# Two new ratlings (56k warning)



## silverynitrate (Apr 30, 2007)

My two new female rats. So cute!

Pebbles:

















Still nameless:

















Together:

















Meeting other rats:









Smudge has a name now!:









Pip is just too cute::mrgreen:


----------



## JennieLove (Jan 2, 2007)

Awww!


----------



## kancerr (Apr 7, 2007)

very pretty ;]


----------



## Sara_C (Mar 10, 2007)

You _have_ to call the other one Bam-Bam 

Gorgeous girls though, you have a lovely clan!


----------



## silverynitrate (Apr 30, 2007)

Pebbles has HUGE eyes.

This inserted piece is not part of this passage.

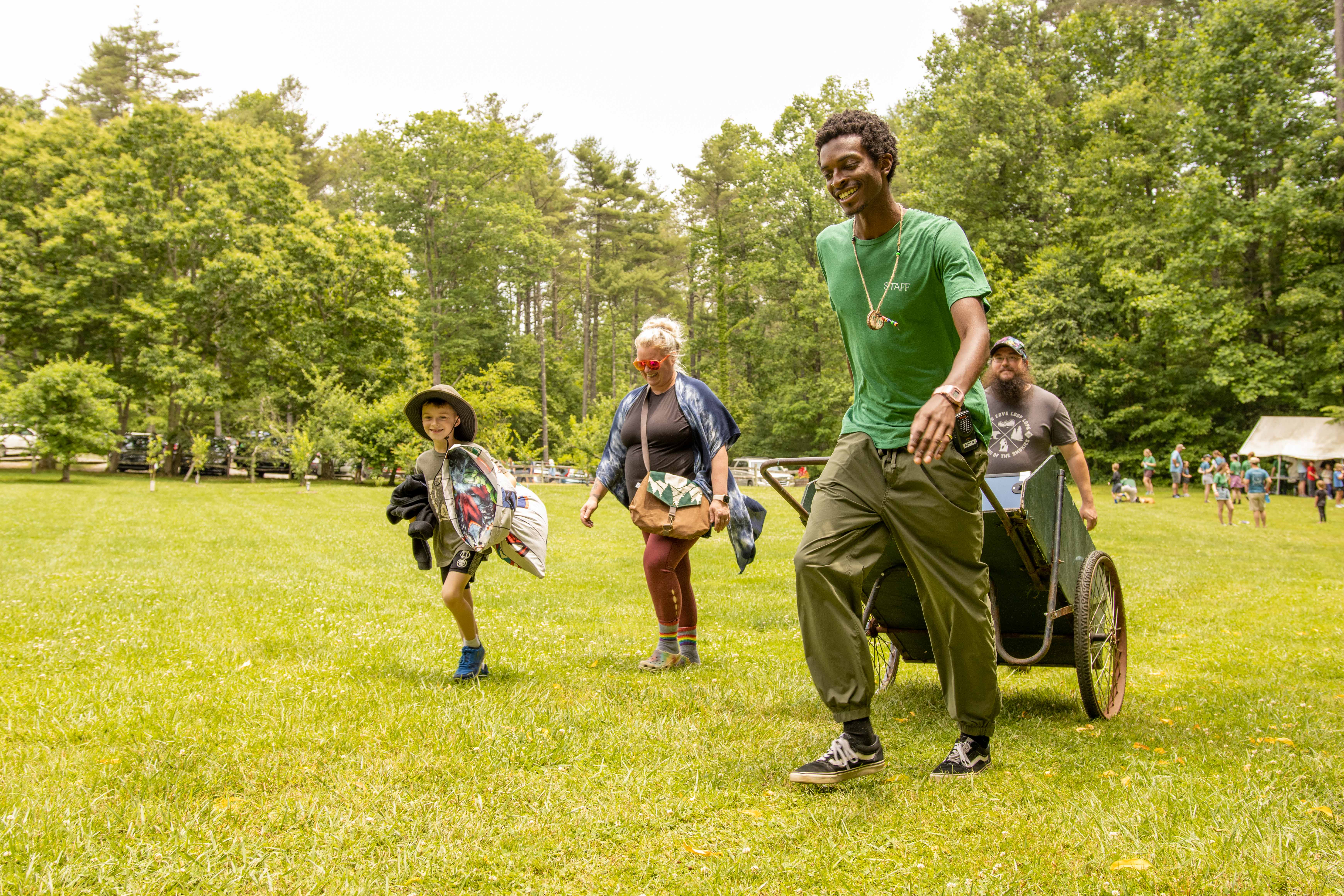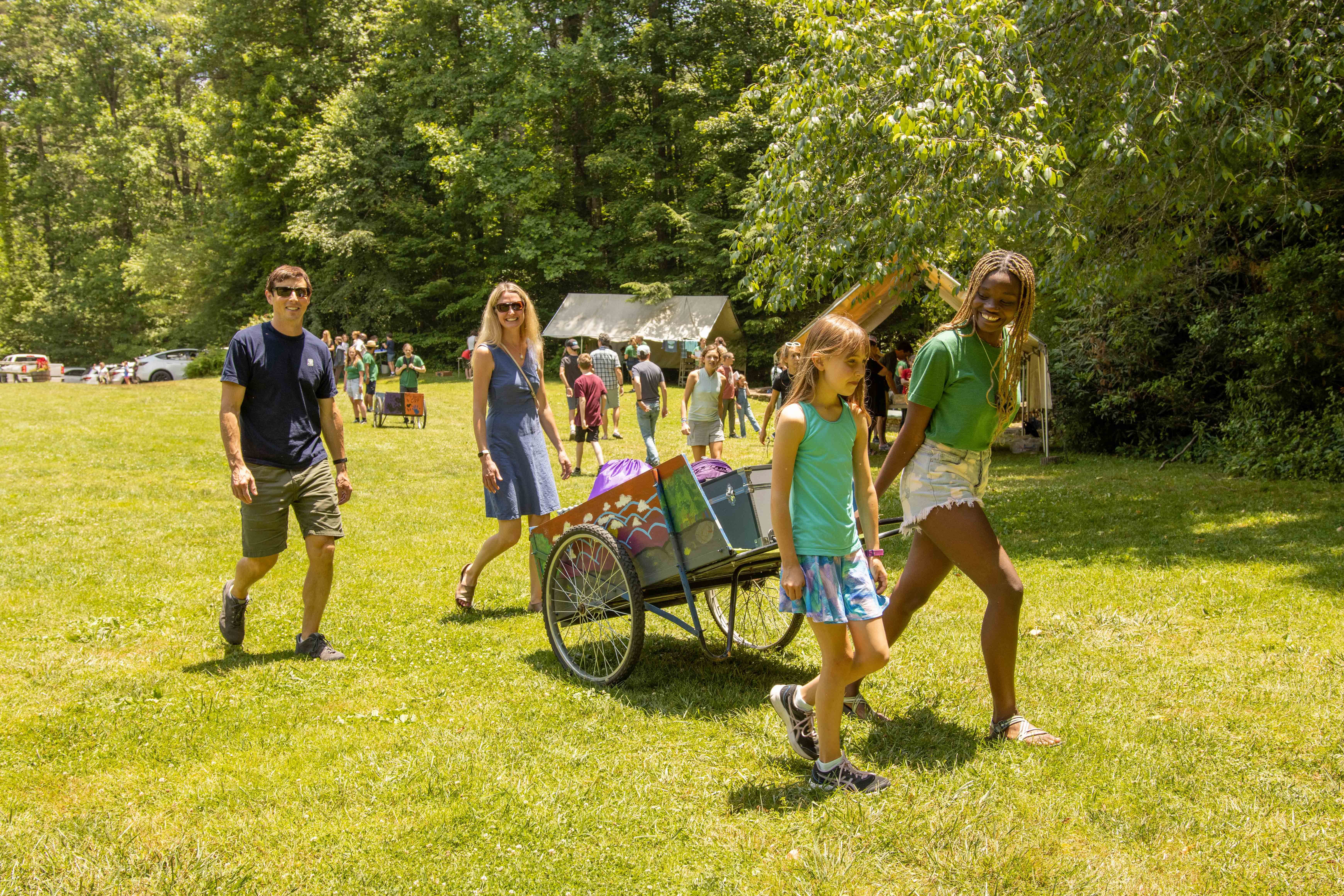 Once you reach our entrance, you’ll be greeted by several of our friendly staff members. They will direct you into our parking area and let you know what your cabin assignment will be! Once your car is parked, staff will help you load your camper’s belongings into a cart.

It's like they're going to pop out.









Rushing the camera:


----------



## bread_head (May 9, 2007)

Aww so sweet


----------



## Forensic (Apr 12, 2007)

Sara_C said:


> You _have_ to call the other one Bam-Bam


Noooo! Fruity!


----------



## Rachel-Phantom (Apr 18, 2007)

How cute. Some of my rats have huge eyes. When they click with happiness their eyes seem to look like they might pop out. One of my rats has one normal, kinda squinty eye, and a pop-looking eye. Its funny, I call her crazy eyed Nana.


----------



## OhBugger. (Apr 6, 2007)

what a beautiful group you have!


----------



## fallinstar (Nov 26, 2006)

aww so cute!


----------



## KayRatz (Apr 5, 2007)

That looks a lot like Klardae and Zinc's litter - black and beige all over! XD Love them all <3


----------